● What you have to do: What is needed is an exact reproduction of the lines in the records below, starting at the line with "要发下对应时间段pd的日志,目前看是跟pd失联导致。" and ending at the line with "UNILIPO研知有理 椰油水光轻盈护发素300g", both included, and nothing else; pictures stay out.

● Excerpted records:

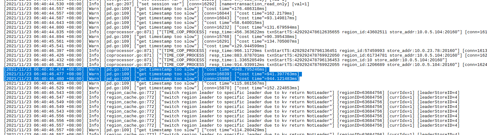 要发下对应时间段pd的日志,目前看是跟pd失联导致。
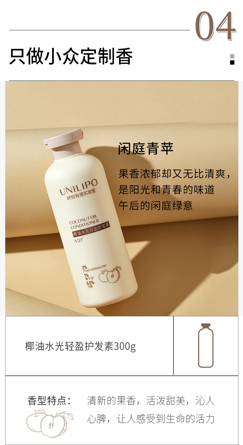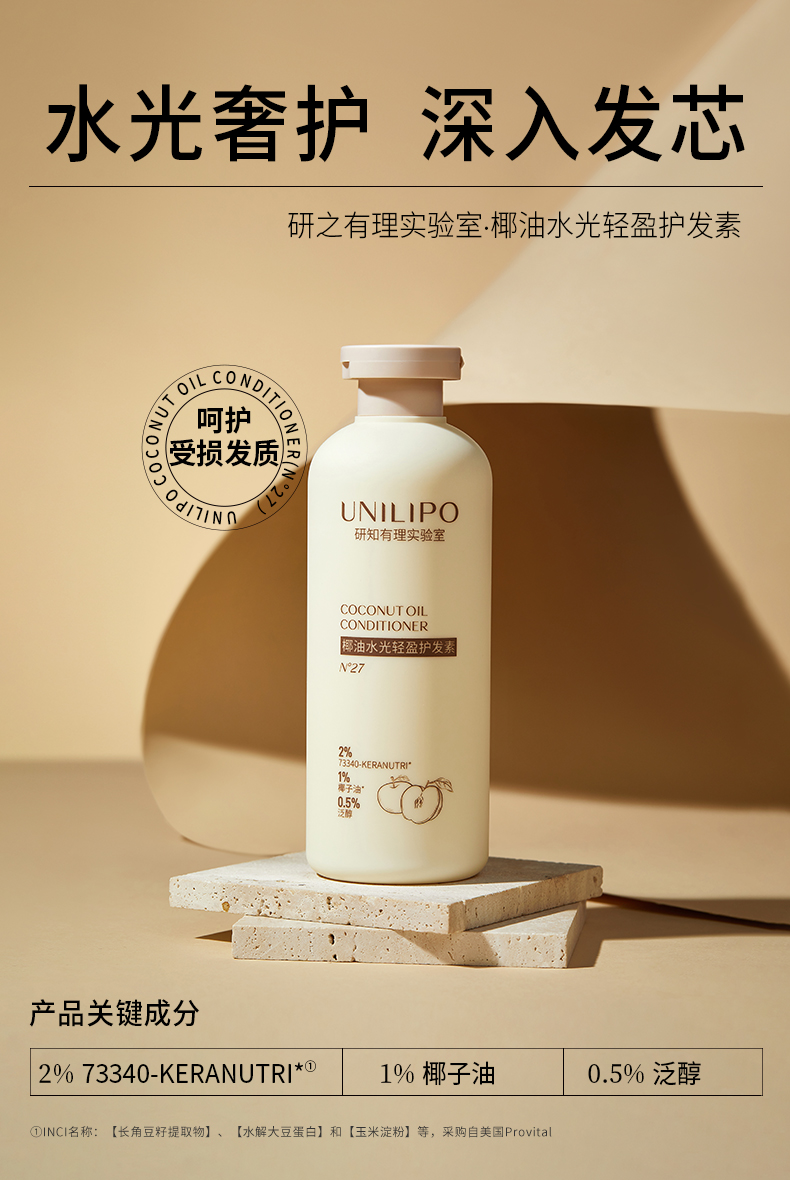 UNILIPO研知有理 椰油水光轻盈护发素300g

---

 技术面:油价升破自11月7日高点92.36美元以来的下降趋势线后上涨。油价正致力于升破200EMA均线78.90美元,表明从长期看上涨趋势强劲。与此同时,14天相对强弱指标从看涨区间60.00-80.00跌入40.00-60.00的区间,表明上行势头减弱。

● Result of the exercise:
 要发下对应时间段pd的日志,目前看是跟pd失联导致。
 UNILIPO研知有理 椰油水光轻盈护发素300g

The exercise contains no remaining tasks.